---------- Data block
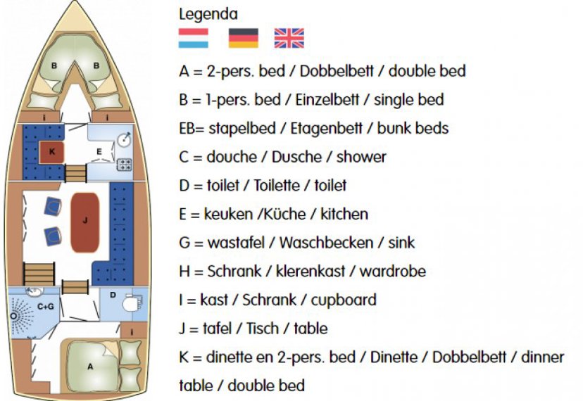 When you step inside the Tinka, her beautiful interior immediately catches the eye, a nice-sized saloon, kitchen with adjacent dinette for breakfast, a V-bed in the forward bedroom and separate cells for the shower and toilet. These are right in front of the spacious rear bedroom, which is equipped with a dressing table.
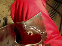 P1016667.jpg (132.55 KB. 733x550 - vist 287 ganger.) Då eg løyste dei to nederste punkta med meisel etter å ha bort så skvatt innerplata til og flytta seg litt.. Var vist eindel spenningar i denne plata, hard å kneppa tilbake og! Men det skal gå bra:)
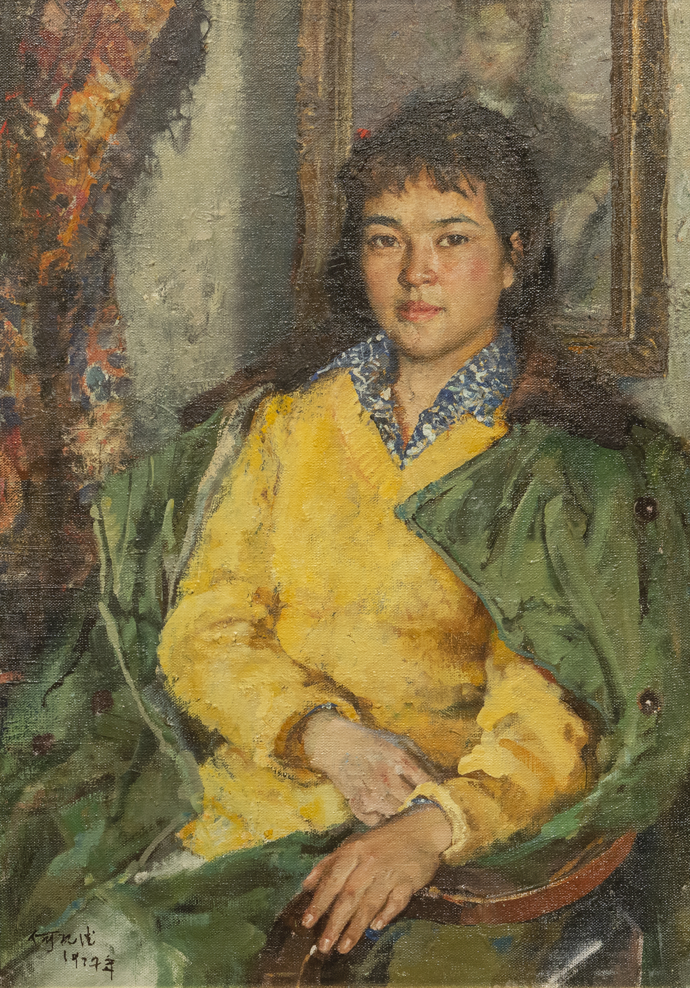 何孔德 1974年作 劉曉慶初登銀幕時 油画 額装 著録品 真作保証 中国 絵画 現代美術 收藏
--------------------
Output all the data above verbatim, leaving out images.

### Your response
 When you step inside the Tinka, her beautiful interior immediately catches the eye, a nice-sized saloon, kitchen with adjacent dinette for breakfast, a V-bed in the forward bedroom and separate cells for the shower and toilet. These are right in front of the spacious rear bedroom, which is equipped with a dressing table.
 P1016667.jpg (132.55 KB. 733x550 - vist 287 ganger.) Då eg løyste dei to nederste punkta med meisel etter å ha bort så skvatt innerplata til og flytta seg litt.. Var vist eindel spenningar i denne plata, hard å kneppa tilbake og! Men det skal gå bra:)
 何孔德 1974年作 劉曉慶初登銀幕時 油画 額装 著録品 真作保証 中国 絵画 現代美術 收藏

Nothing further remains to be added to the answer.